The evolution of therapeutic mentoring marks an exciting advancement in community-based mental health care, offering a promising approach to support youth. However, despite this progress, significant challenges remain in achieving widespread implementation and consistency. For one, there is no universally accepted definition of therapeutic mentoring, which creates ambiguity about the role itself. Additionally, the absence of a nationally recognized license or certification makes it difficult to establish clear professional standards. Without this role clarity, there is also a lack of standardized training and supervision models, which are essential for ensuring mentors are prepared to deliver high-quality, effective support. 

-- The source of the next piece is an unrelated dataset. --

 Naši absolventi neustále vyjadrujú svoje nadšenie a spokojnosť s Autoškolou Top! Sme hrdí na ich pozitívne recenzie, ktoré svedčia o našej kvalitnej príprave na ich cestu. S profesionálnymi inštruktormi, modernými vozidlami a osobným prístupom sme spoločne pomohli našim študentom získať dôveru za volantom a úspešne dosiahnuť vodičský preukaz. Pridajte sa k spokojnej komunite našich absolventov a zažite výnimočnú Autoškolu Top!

Given the potential of therapeutic mentoring to expand access to mental health services, particularly for marginalized youth populations, a precise definition is crucial for advancing the field of what therapeutic mentoring is and is not. At the Center for Evidence-Based Mentoring, we assert that the term therapeutic mentoring should be used to describe a distinct type of mentoring program that:
1) explicitly focuses on reducing negative mental health symptoms and increasing psychological well-being and thriving among youth;
2) is delivered by paraprofessionals;
3) uses evidence-based practices to target underlying mechanisms of mental health challenges; and
4) is supervised by licensed mental healthcare providers.

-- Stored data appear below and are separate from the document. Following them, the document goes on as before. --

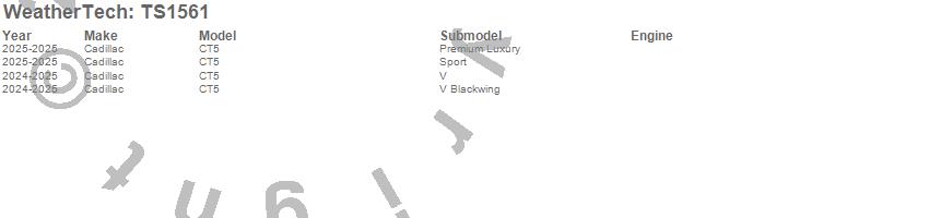 Below is an abbreviated list of applications for the WeatherTech SunShade.CT5, Cadillac, 2025, 2024
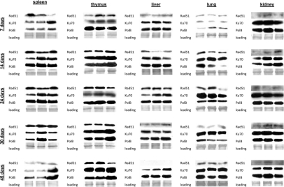 In spleen of 7 day old animals we observed induction of Ku70 and Polβ only 24 hours after exposure. This was consistent with the highest amount of persistent DNA strand breaks in the spleen of 7 days old mice. In 14, 24, and 30 day old animals Ku70 and Polβ induction was noted 30 minutes after exposure. Interestingly, in spleen we did not see any induction of Rad51 levels by IR. Furthermore, the cellular Rad51 levels in spleen decreased with age. In thymus of 7 day old mice, we found a significant induction of Rad51 30 minutes after exposure. In the other age groups only slight Rad51 induction occurred 24 hours after irradiation (Fig. 6). Ku70 was induced 30 minutes post-IR in thymus of young animals, and 24 hours post-IR of more mature ones. In liver and kidney, we saw slight increases in Ku70 and Polβ in the exposed animals of all age groups, except the very young ones. The levels of Rad51 were also very low, and further diminished with age.
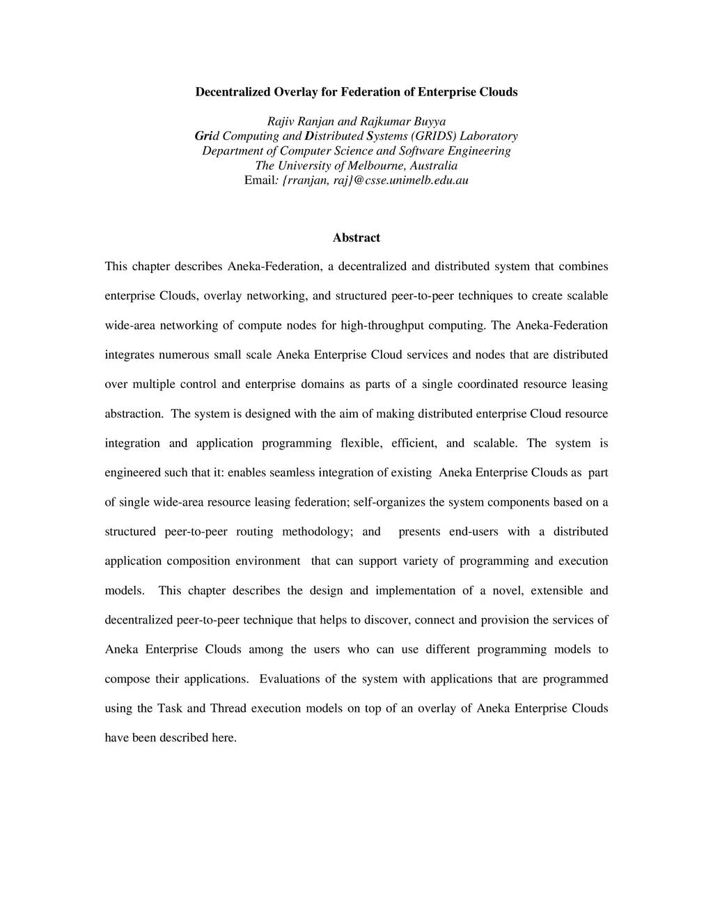 This chapter describes Aneka-Federation, a decentralized and distributed system that combines enterprise Clouds, overlay networking, and structured peer-to-peer techniques to create scalable wide-area networking of compute nodes for high-throughput computing. The Aneka-Federation integrates numerous small scale Aneka Enterprise Cloud services and nodes that are distributed over multiple control and enterprise domains as parts of a single coordinated resource leasing abstraction. The system is designed with the aim of making distributed enterprise Cloud resource integration and application programming flexible, efficient, and scalable. The system is engineered such that it: enables seamless integration of existing Aneka Enterprise Clouds as part of single wide-area resource leasing federation; self-organizes the system components based on a structured peer-to-peer routing methodology; and presents end-users with a distributed application composition environment that can support variety of programming and execution models. This chapter describes the design and implementation of a novel, extensible and decentralized peer-to-peer technique that helps to discover, connect and provision the services of Aneka Enterprise Clouds among the users who can use different programming models to compose their applications. Evaluations of the system with applications that are programmed using the Task and Thread execution models on top of an overlay of Aneka Enterprise Clouds have been described here.
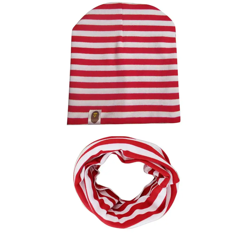 Унисекс; Для маленьких детей; Для малышей; Хлопковая вязаная шапка в полоску; Шарф
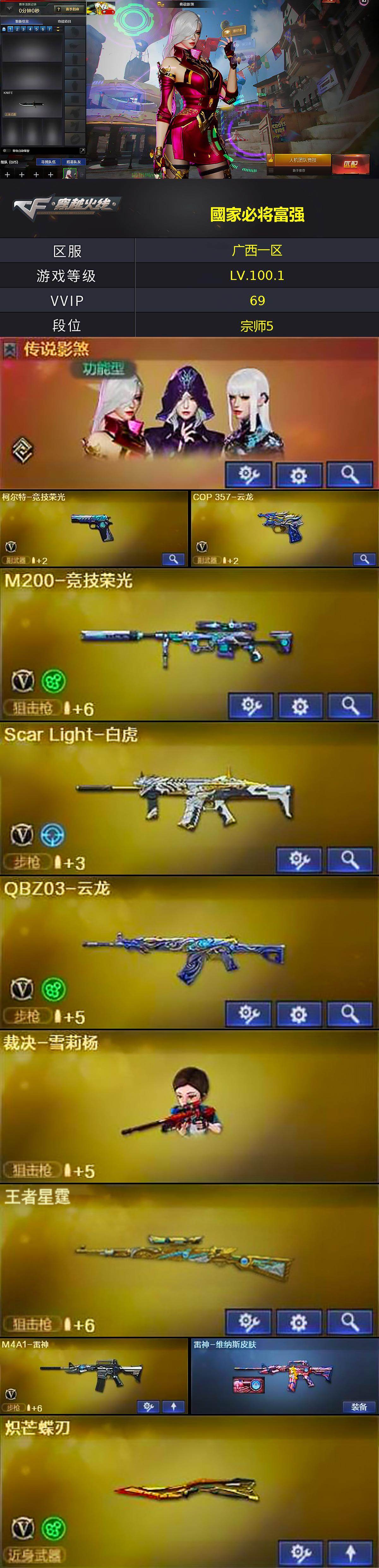 【热门武器】:Scar Light-白虎,M200-竞技荣光,金色蔷薇-空,MK5-炽火炎龙,裁决-雪莉杨,炽芒蝶刃

New course from the Center for Evidence-Based Mentoring

Dr. Rhodes and I are excited to announce our latest training program in partnership with MentorPRO Academy: The Center for Evidence-Based Mentoring’s Certification in Therapeutic Mentoring. This course will cover the essential skills for therapeutic mentoring: common mental health challenges and their evidence-based interventions, ethics of mentoring, cultural humility and taking a strengths-based approach, basic cognitive behavioral and motivational interviewing skills to support young people, and collaborating with a care team and parents/guardians. This virtual course will meet for an hour each week for 12 weeks. Each session will be a combination of live didactics, interactive role-plays, and in-depth discussions. At the end of the course, learners will have to pass a one-on-one oral exam with me, the instructor, via Zoom to receive the certificate. To our knowledge, this is the first training program of its kind. We are excited to partner with programs and professionals to disseminate this treatment model. 

If you are interested in learning more about this training opportunity, please visit our website.

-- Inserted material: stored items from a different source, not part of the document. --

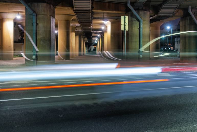 From the series, "Late Shifts," a sequence of shifting evening light and motion. Edition of 6 + 1 A/P and 1 P/P. Printed exclusively for the artist by Brooklyn Editions' Master Printmaker, New York City. Hahnemühle Photo Rag Bright White 310 gsm, with Hahnemühle Certificate of Authenticity. Archiva...
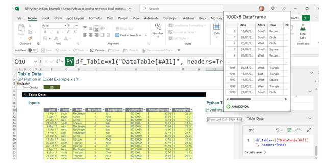 Ranges of data have been selected by specifying cell references so far, but Python can also read all data from an Excel Table. The Table on the Table Data sheet is named DataTable:
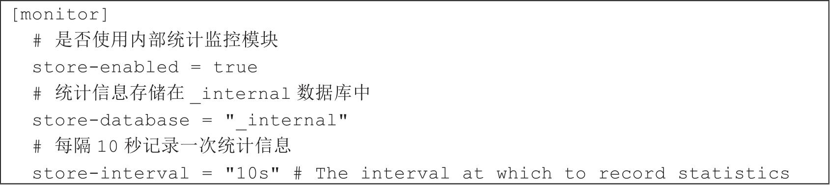 monitor控制InfluxDB自有的监控系统,如代码清单2-46所示。默认情况下,InfluxDB把这些数据写入_internal数据库,如果该库不存在则自动创建。_internal库默认的保留策略是7天。

As a licensed clinical psychologist, I am excited about the opportunity to expand access to mental health services while also creating pathways for professional development for those interested in helping professions. One of the challenges clients often face in traditional therapy is staying motivated to apply therapy skills in their daily lives. Even when they remember the skills, factors like low motivation or negative attitudes can interfere with implementation. For example, I often work with youth who struggle to engage in basic self-care activities, such as taking daily walks or reflecting on their thoughts and feelings. This is where therapeutic mentors can make a significant difference: by meeting youth in their homes or communities, therapeutic mentors provide hands-on support and encouragement to help them practice these activities between therapy sessions. This consistent, real-world reinforcement can drastically improve outcomes and may even reduce the number of sessions needed with highly trained professionals.  

As a therapist, I wish my job weren’t needed—I wish all youth could thrive without therapy. But until then, therapeutic mentoring offers a powerful way to increase access to care and enhance the effectiveness of mental health support.